Readme.md

March 6, 2025 · View on GitHub

The codebase supports multiple teacher models (like SimVP with UniFormer,gsta and VAN) and a student model (Baseline), with options for advanced distillation techniques.

Prerequisites

Python 3.10 or higher
PyTorch (recommended: latest stable version)
Additional dependencies listed in requirements.txt

Install the dependencies:

pip install -r requirements.txt

Directory Structure

train_base_model.py: Script for training teacher and student models.
train_student_multiT_KD.py: Script for distilling the student model using multiple teacher models.
network/: Directory for saving network used int this work

Experimental Steps

1. Train the Base Models

Train the teacher models (SimVP-UniFormer, SimVP-VAN) and the student model (Baseline) using the following script:

python train_base_model.py

This script trains each model independently.
Checkpoints will be saved in the outputs/ directory.

2. Configure and Run Knowledge Distillation

Modify the train_student_multiT_KD.py script to point to the best teacher model weights:

Open train_student_multiT_KD.py.
Update the paths to the pretrained teacher model weights (e.g., simvp_uniformer/best.pth, simvp_van/best.pth).

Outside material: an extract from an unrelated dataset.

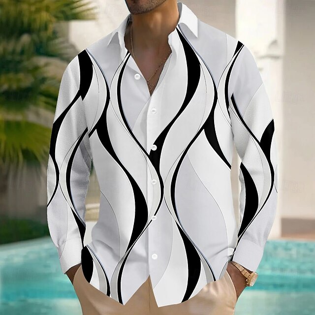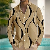 Men's Geometric Waves Shirt Button Up Shirt Long Sleeve Fashion Casual Outdoor Daily Streetwear Spring Fall Turndown 3D Print Linen Like Shirt White Blue Khaki 9

Run the distillation process:

python train_student_multiT_KD.py

This script distills knowledge from the teacher models into the student model.
Output checkpoints and logs will be saved in outputs/.

3. Distillation Methods

The train_student_multiT_KD.py script supports multiple distillation strategies. The current default configuration is:

Multi-Teacher AEKD (Adaptive Ensemble Knowledge Distillation) combined with ABLoss.
You can modify the script to experiment with other distillation methods (see code comments for details).